**DATASET CONTENT:**
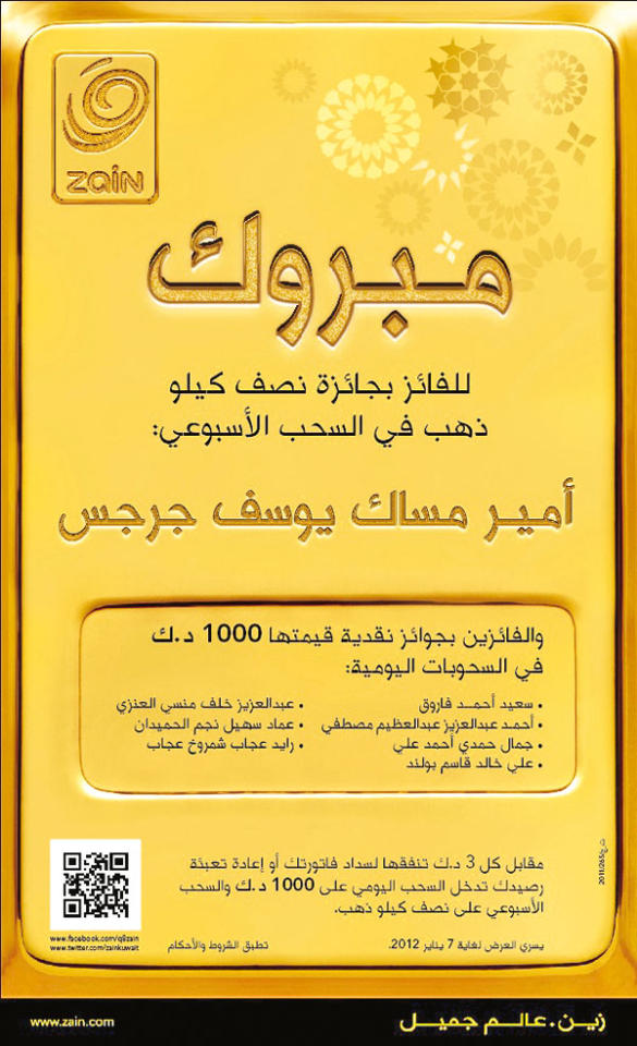 أعلنت شركة زين، أكبر شبكة اتصالات في الكويت، فوز أمير مساك يوسف جرجس بجائزة النصف كيلو غرام من الذهب، وذلك بعد السحب الأسبوعي الخامس الذي أجرته في حملتها "اربح ذهب" ، التي أطلقتها لعملائها من أصحاب خطوط إيزي وخطوط الفواتير. وذكرت الشركة أن الحملة التي أطلقتها مؤخراً تسمح لكل عميل في شركة زين بالدخول في سحب أسبوعي على جائزة نصف كيلو غرام من الذهب، إضافة إلى جوائز نقدية يومية بقيمة 1000 دينار. وأشارت الشركة إلى أن كل عميل سيقوم بدفع الفواتير المستحقة، أو بتعبئة خط الدفع المسبق (ايزي) سوف يكون مؤهلاً للدخول في السحوبات اليومية على المبالغ النقدية، كما سيكون لديه فرصة للفوز بنصف كيلو من الذهب مع نهاية الأسبوع. وأوضحت أنه مع كل مبلغ نقدي بقيمة 3 دنانير يحصل العميل على نقطة واحدة لدخول السحب وكلما زادت النقاط زادت فرص الفوز في هذه السحوبات. وانتهزت الشركة هذه الفرصة لتهنئة الفائز الخامس في سحوباتها الأسبوعية، مبينة أن جميع عملائها مدعوون للاستفادة من هذه السحوبات، مشيرة إلى أنها أطلقت هذه الحملة رغبة منها في إضفاء بعد جديد في علاقتها مع عملائها، والتي تسعى باستمرار إلى تعزيزها بكافة وسائل الاتصال سواء كانت مباشرة أو غير مباشرة. واعتبرت "زين" فعاليات هذه الحملة وسيلة اتصال مباشرة مع عملائها حيث تحمل معها قيمة مضافة، مبينة أن عميل الـ"إيزي" بإمكانه الفوز بجوائز نقدية يومية، وكذلك أصحاب الخطوط آجلة الدفع الذين لديهم نفس الفرصة أيضاً وفي نفس الوقت ستساعدهم هذه الحملة في الحفاظ على أن يكون لهم سجل ائتماني سليم مع الشركة، مع سداد المبالغ المالية للفواتير. وذكرت الشركة أنها دائما ما تجدد التزامها اتجاه عملائها بما هو جديد في صناعة الاتصالات وبما يقدم لهم قيمة مضافة، مشيرة إلى ان طرح هذه المسابقة يأتي في هذا الإطار، حيث توفر فرصة رائعة للحوار المباشر مع عملائها.
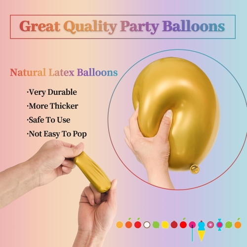Tamaño: el tamaño de los globos de látex metálicos es de 5, 10, 12, 18 y 36 pulgadas.
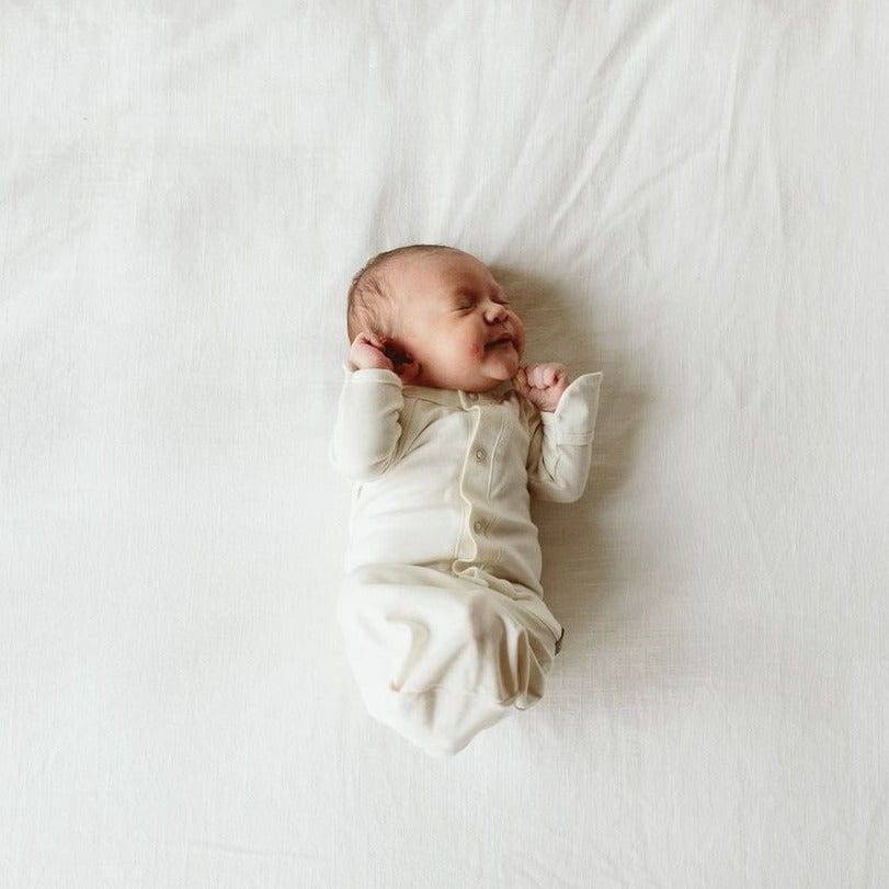 The best organic sleeper for diaper changes complete with built-in mitts, one-snap foot pocket, and SUPER soft, breathable fabric. Converts with a flip, with our patent-pending bottom pocket, quickly change from gown to sleeper and makes diaper changes a snap.

**PROBLEM TO WORK ON:**
Beginning with the line that has "Tamaño: el tamaño", repeat each remaining line of the data above word for word, keeping pictures out.

**THE ANSWER:**
Tamaño: el tamaño de los globos de látex metálicos es de 5, 10, 12, 18 y 36 pulgadas.
 The best organic sleeper for diaper changes complete with built-in mitts, one-snap foot pocket, and SUPER soft, breathable fabric. Converts with a flip, with our patent-pending bottom pocket, quickly change from gown to sleeper and makes diaper changes a snap.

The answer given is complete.